In the above three circumstances, the minister is merely the approving authority. The National Assembly’s approval is only required in the virement process when the amount to be vired from the expenditure items of the budget agency exceeded 75%. Thus, if the National Assembly Finance Select-Committee wants to determine the compliance of the Minister of Finance to the virement process, it must demand from him the following evidence: the budget agency’s request for virement, the Supervising Department’s request for virement, and budget agencies’ request as well as his approval and evidence of consultation with the vote controllers. Without those evidence, the virement process should be considered flawed and illegal.

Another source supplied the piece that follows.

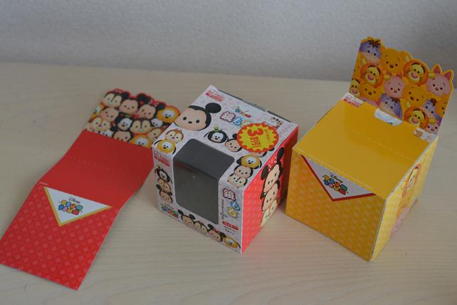 パッケージ箱を土台に、台紙を組み合わせて、、(赤箱が完成前→黄箱が完成済み)

Finally, on the question of whether the D500m COVID-19 Fund was wrongfully or rightly constituted through virement, recourse should be made to the foregoing explanations. The highlighted circumstances in which appropriations of the expenditure items can be vired cannot be applied to the D500m COVID -19 Fund. The first circumstance relates to a budget agency’s request for approval to vire within its expenditure items; the second situation relates to the request by the Supervising Department to vire funds from among budget agencies’ appropriations; and the third situations relates to the request of budget agencies to vire funds appropriated to them. There is no provision in the PFA that gives the Minister power to vire appropriations of the expenditure item of the budget agencies. He has the APPROVING power and nothing more. Equally, it was wrong and offensive to the Constitution and PFA for an expenditure item to be created within the national budget which was already approved into an Appropriation Act.
Many legal avenues were and are available to the minister to take. One of them is the revising of the budget with changes on the expenditures and laying the Revised Budget before the National Assembly for approval.